Exercise materials Start Marker

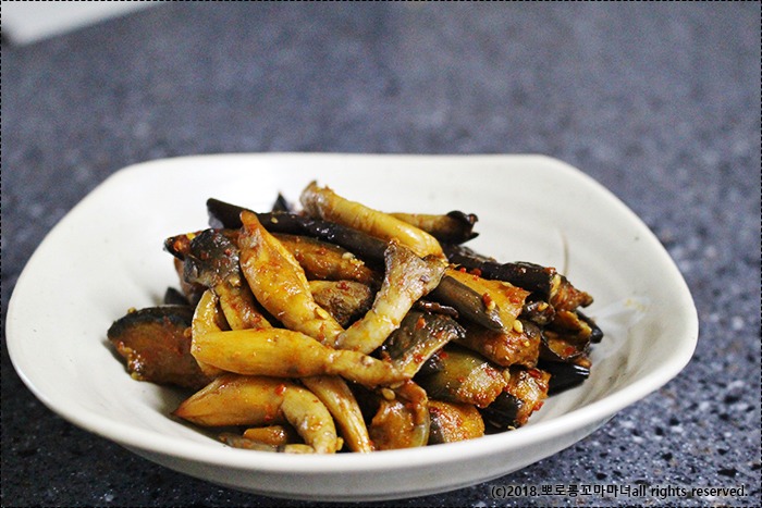 오늘 소개할 것은 가지버섯 볶음입니다.
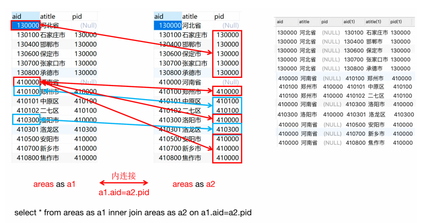 Select * from areas as a1 inner join areas as a2 on a1.aid=a2.pid where a1.atitle='河南省';
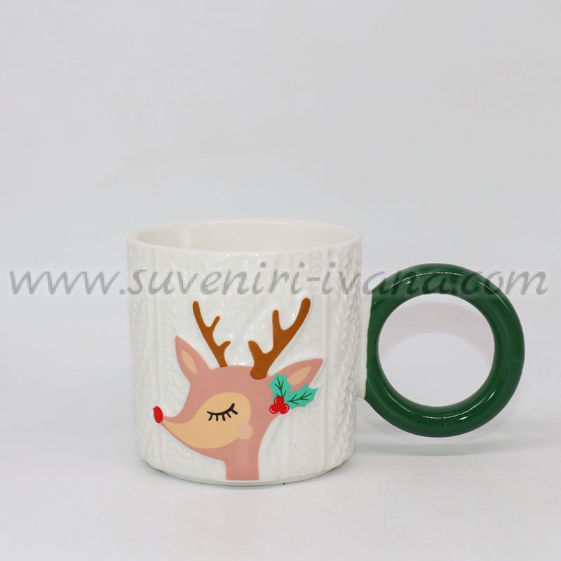Коледната чаша с коледно еленче е чудесен начин да внесете празнично настроение във всеки ден. Изработена от висококачествена керамика, тя е в класическо бяло с релефен десен и зелена дръжка с кръгла форма за удобен захват.
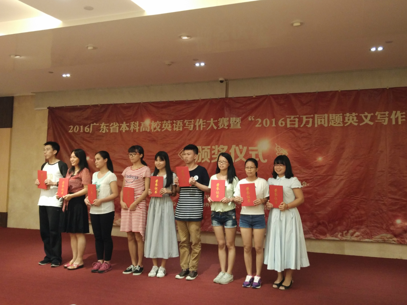 6月26日,2016广东省本科高校英语写作大赛暨2016“百万同题英文写作”活动决赛在广州举行。来自我院外国语言文学系14级英专学子高旭娜荣获英语专业组二等奖。经贸系15级投资学专业学生唐若昕则荣获公共英语组三等奖。
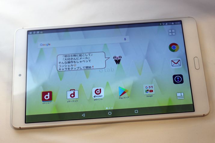 小型タブレットである「dtab Compact」が3世代目にリニューアルされた。新モデルは1600×2560のWQXGA表示に対応する約8.4インチの液晶ディスプレイを採用し、表示能力がアップ。CPUがオクタコアの「Kirin950」となり、RAMが3GBに増量されるなど、基本性能全般が底上げされている。実機の印象だが、質感のアップが目ざましい。従来のdtabシリーズは、低価格の割に質感が高いのがポイントだったが、本機はハイエンドタブレットのような緻密な質感と感触がある。またdtabシリーズとしては初の指紋認証センサーを備えているのも注目点だ。カラーバリエーションはゴールドとシルバーの2色。5月25日に発売される。
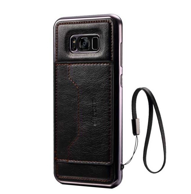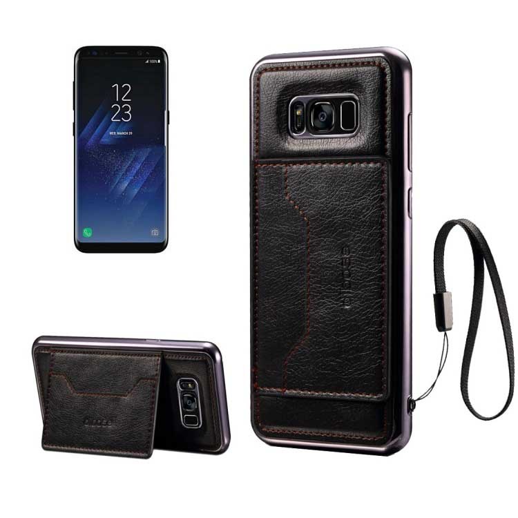 High Trend Cover in PU Leather and TPU Plastic w / Card Holder for Samsung Galaxy S8 - Black
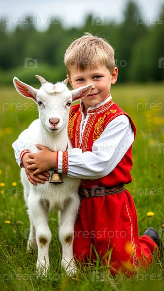 Мальчик в народной одежде обнимает маленькую белую козу
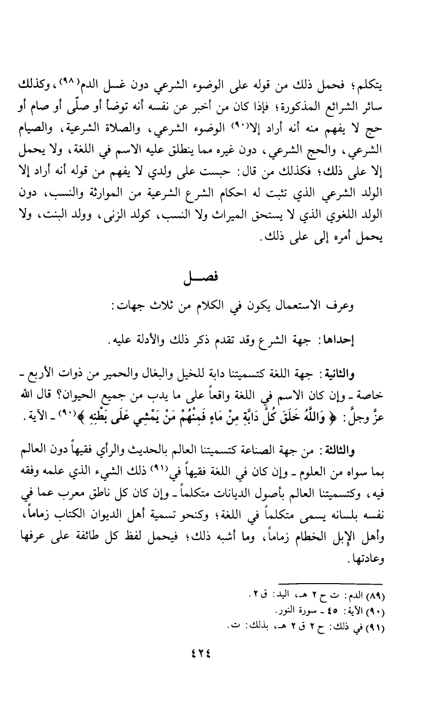 والثانية: جهة اللغة كتسميتنا دابة للخيل والبغال والحمير من ذوات الأربع - خاصة - وإن كان الاسم في اللغة واقعا على ما يدب من جميع الحيوان؛ قال الله عز وجل: {وَاللَّهُ خَلَقَ كُلَّ دَابَّةٍ مِنْ مَاءٍ فَمِنْهُمْ مَنْ يَمْشِي عَلَى بَطْنِهِ} [النور: 45]- الآية.
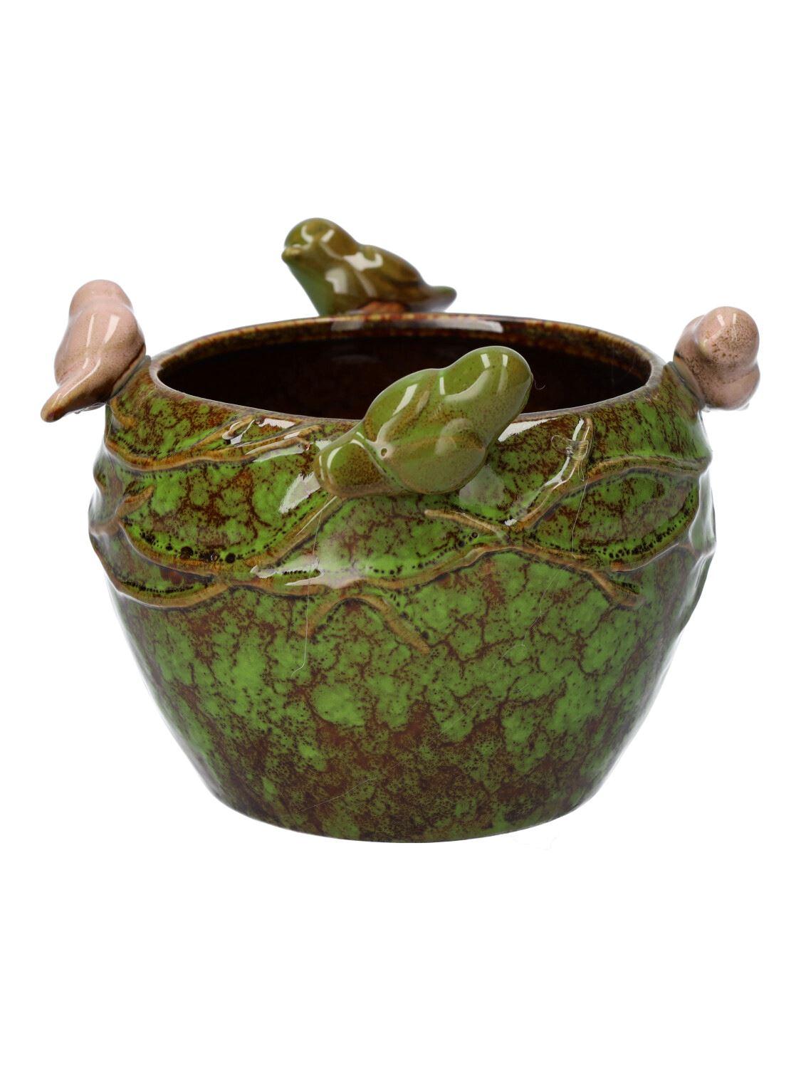 Blumentopf SARINO aus Keramik, mit 3D Vögeln, grün-braun-beige, 10,5cm, Ø14cm
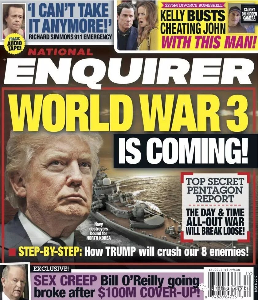 每次上超市,视觉总要被结账柜台边的《国家询问报》冲击一回。这份小报的名字大得吓人,封面标题更是耸人听闻:“米歇尔的秘密离婚档案”,配上奥巴马和夫人绷紧脸的特写镜头;“希拉里只能活6个月了”,配上她泡肿脸的照片;“第三次世界大战即将打响”,配上特朗普总统和战舰的相片。小报的老总大卫·培克对封面极其重视,每期都亲自坐镇拍板。
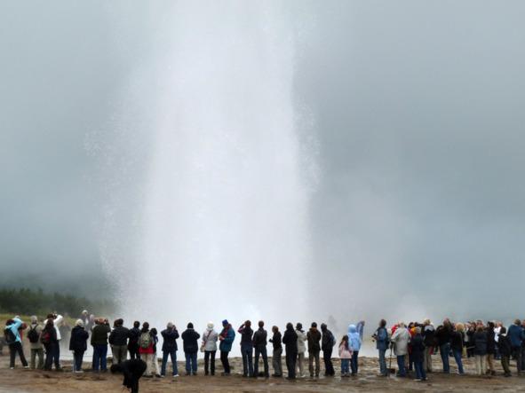 Рано утром первого дня нас посадили в автобус и повезли смотреть какую-то звдостопримечательность. Ею оказалась большая лужа, которую обступила толпа туристов и сосредоточенно всматривалась в ее мутную жижу. Я тоже решила посмотреть, не плавает ли в ней что-то чудесное. Стоило мне приблизиться, как раздался страшный взрыв, и вырвавшийся из недр лужи столб воды окатил меня с ног до головы горячими брызгами и серным зловонием. Я редко ругаюсь матом, но тут получилось непроизвольно. В тот же момент с противоположной стороны лужи мне приветливо замахали руками. Без сомнения, это были русские туристы. Я поспешила ретироваться в автобус. Когда мы вернулись в отель, куратор попросила завтра взять с собой купальные костюмы — всех повезут в Голубую лагуну омолаживаться в горячих термальных источниках.
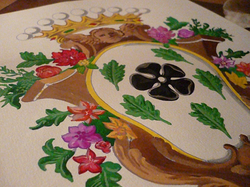 La peinture d’armoiries, traditionnellement, se fait avec des gouaches, avec des tempera à l’œuf, avec la feuille d’or ou de l’or en coquille. Ces techniques ancestrales donnent à vos armoiries tout le lustre qui les mettront en valeur et leur permettront de passer le temps, de traverser les siècles en gardant leur éclat …
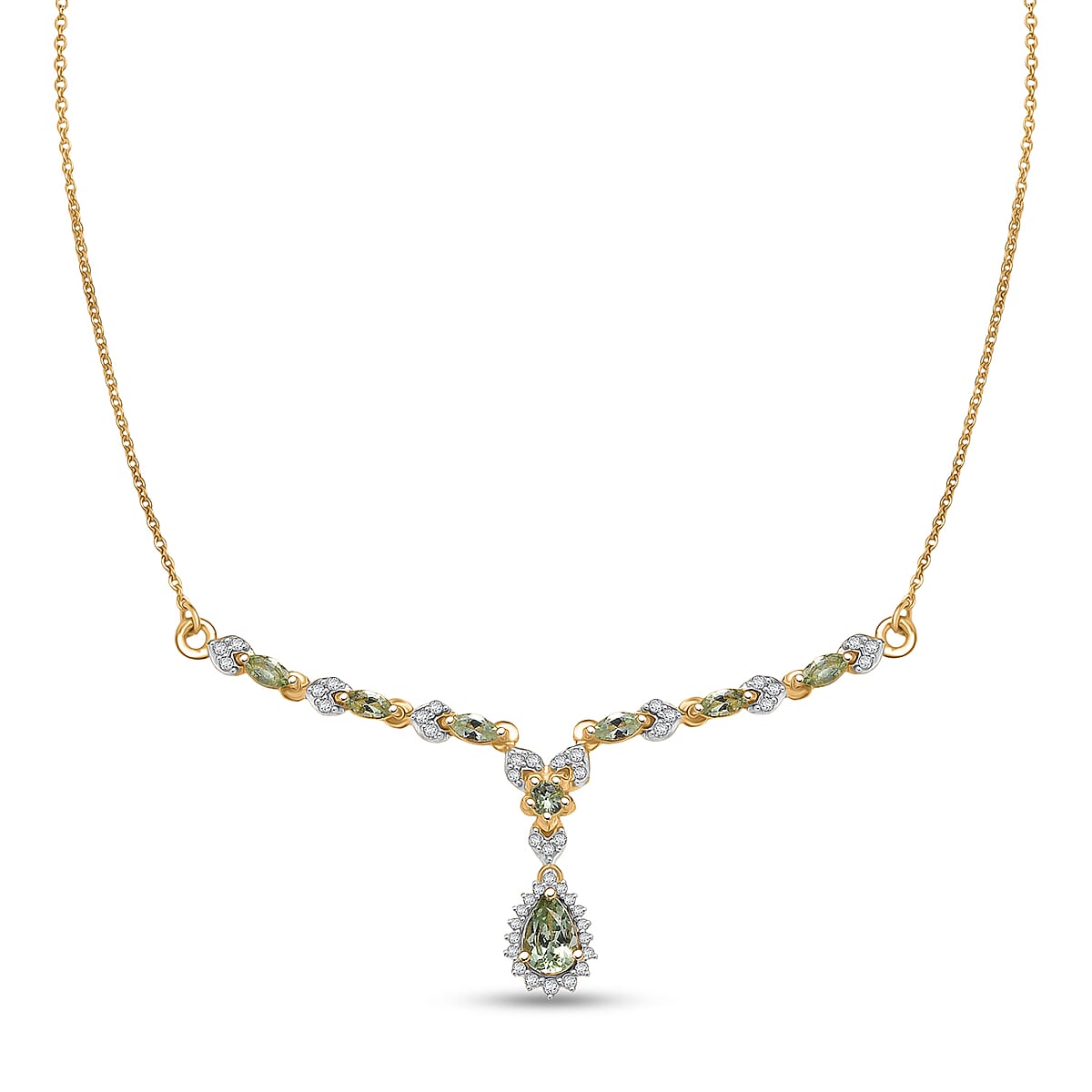 D'Joy Premium Tanzanian Mint Garnet and Moissanite 1.30 ctw Pear Drop Necklace in 18K Vermeil Yellow Gold Over Sterling Silver 18-20 Inches

Exercise materials End Marker

## Aim of the exercise
Pictures are to be left out; otherwise, retype exactly the lines from the first line of the data through the line containing "High Trend Cover".

## Task result
 오늘 소개할 것은 가지버섯 볶음입니다.
 Select * from areas as a1 inner join areas as a2 on a1.aid=a2.pid where a1.atitle='河南省';
Коледната чаша с коледно еленче е чудесен начин да внесете празнично настроение във всеки ден. Изработена от висококачествена керамика, тя е в класическо бяло с релефен десен и зелена дръжка с кръгла форма за удобен захват.
 6月26日,2016广东省本科高校英语写作大赛暨2016“百万同题英文写作”活动决赛在广州举行。来自我院外国语言文学系14级英专学子高旭娜荣获英语专业组二等奖。经贸系15级投资学专业学生唐若昕则荣获公共英语组三等奖。
 小型タブレットである「dtab Compact」が3世代目にリニューアルされた。新モデルは1600×2560のWQXGA表示に対応する約8.4インチの液晶ディスプレイを採用し、表示能力がアップ。CPUがオクタコアの「Kirin950」となり、RAMが3GBに増量されるなど、基本性能全般が底上げされている。実機の印象だが、質感のアップが目ざましい。従来のdtabシリーズは、低価格の割に質感が高いのがポイントだったが、本機はハイエンドタブレットのような緻密な質感と感触がある。またdtabシリーズとしては初の指紋認証センサーを備えているのも注目点だ。カラーバリエーションはゴールドとシルバーの2色。5月25日に発売される。
 High Trend Cover in PU Leather and TPU Plastic w / Card Holder for Samsung Galaxy S8 - Black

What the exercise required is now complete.